The complexity of an organism emerges from its genome, the book that contains its DNA's instructions for life. The method for reading this book, sequencing, has evolved towards reading increasingly longer fragments of the genome.
In this field, a research group led by the Institute of Integrative Systems Biology (I2SysBio), a joint center of the Higher Council for Scientific Research (CSIC) and the University of Valencia (UV), in Spain, has created and presented publicly in the academic journal Nature Methods an improvement of a proprietary computer program capable of discovering new transcripts, RNA molecules that genes use to synthesize proteins and create tissues, from their sequencing with long-read instruments, as well as assigning them a function in the formation of the organism.

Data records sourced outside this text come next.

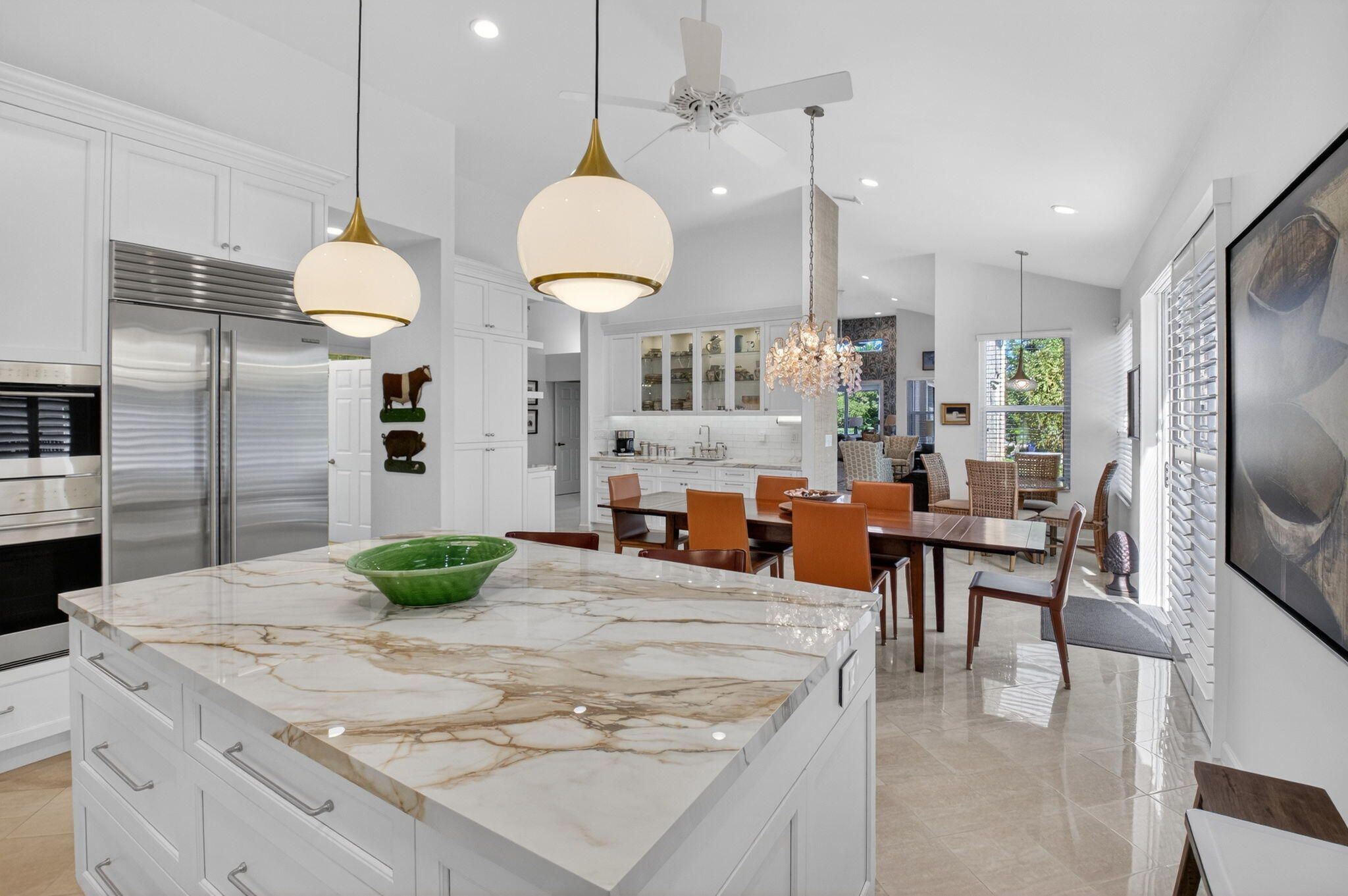 ONE OF A KIND REMODELED HOME WITH STUNNING GOLF AND LAKE VIEWS PERFECTLY POSITIONED ON AN OVERSIZED CORNER LOT. REDESIGNED WITH HIGH-END FINISHES & MODERN COMFORTS THROUGHOUT. THIS SPACIOUS HOME OFFERS 3 BEDROOMS, 2.5 BATHS, PLUS A HUGE AIR CONDITIONED FLORIDA ROOM. THE GOURMET REMODELED KITCHEN FEATURES WOLF & SUB ZERO APPLIANCES, TWO SINKS, ABUNDANT CUSTOM CABINETRY, & BREAKFAST AREA. AN EXPANSIVE LIVING ROOM IS ACCENTED BY VOLUME CEILINGS & ILLUMINUS NATURAL LIGHT. THE PRIMARY BATH HAS BEEN COMPLETELY REMODELED. CUSTOM WINDOW TREATMENTS.LARGE FENCED PATIO OVERLOOKING GOLF C0URSE WITH A GAS BBQ HOOK-UP. SCREENED PORCH OFFERS THE IDEAL SPOT FOR ANYTIME RELAXING & ENTERTAINING. THIS HURRICANE READY HOME INCLUDES A WHOLE HOUSE GENERATOR, IMPACT WINDOWS & DOORS, HURRICANE RATED GARAGE DOOR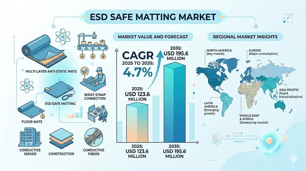 The ESD safe matting market is positioned for stable expansion as industries adopt higher safety and compliance standards.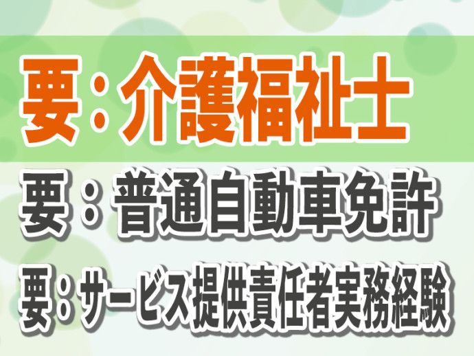 応募条件 年齢:18歳以上(夜勤務ありの為) 経験:ヘルパーステーションでのサービス提供責任者の実務実験(必須) PCスキル:不問 資格:介護福祉士・普通自動車運転免許(どちらも必須) 学歴 不問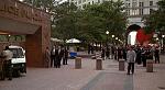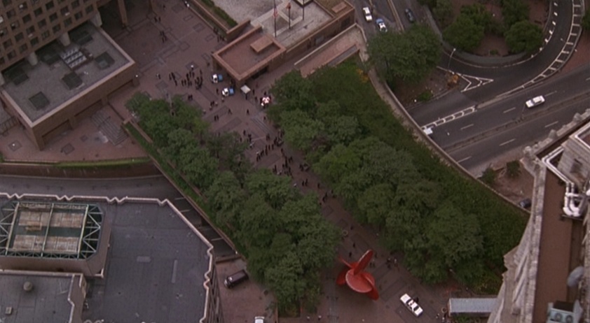 20 Years Later: Where Ecto pulled out is now a guard house and a motorized barricade to allow certain cars in or out. You can, however, walk into the plaza with no problem. Bernard Rosenthal's "Five In One" sculpture (see Fun Facts) is now painted red.

Long-read sequencing is the third generation of genome sequencing methods. Compared to reading short fragments, which analyzes about 200 nucleotides (the letters that make up genes), long reading methods can obtain reads 100 times longer, about 20,000 nucleotides, which leaves fewer gaps in the genome information for fill out using bioinformatics tools. This was one of the reasons why Nature Methods itself considered it Method of the Year 2022.
A few years earlier, in 2018, researcher Ana Conesa, then at the University of Florida, developed a computer program called SQANTI to analyze the information that was extracted using these long-read methods. Now, his research team at I2SysBio, which includes Francisco J. Pardo-Palacios, presents a substantial improvement to this software that can be freely used in the main commercial systems that employ long read sequencing, Pacific Biosciences (PacBio) and Oxford Nanopore Technologies (ONT).
“Long read techniques better analyze the complexity of human transcripts and transcriptome,” says Conesa. This identifies the portion of the genome that is read in each cell to give rise to tissues and organs. Thus, a single gene can give rise, through small changes in the structure of the RNA it encodes, to a great diversity of transcripts, and with them proteins with different cellular functions. “Short read sequencing cannot solve this puzzle. Long reading better reconstructs the functional complexity of the human transcriptome, something key to studying certain diseases, especially neurological diseases and cancer,” says the CSIC researcher.
Artistic recreation of DNA. (Illustration: Amazings/NCYT)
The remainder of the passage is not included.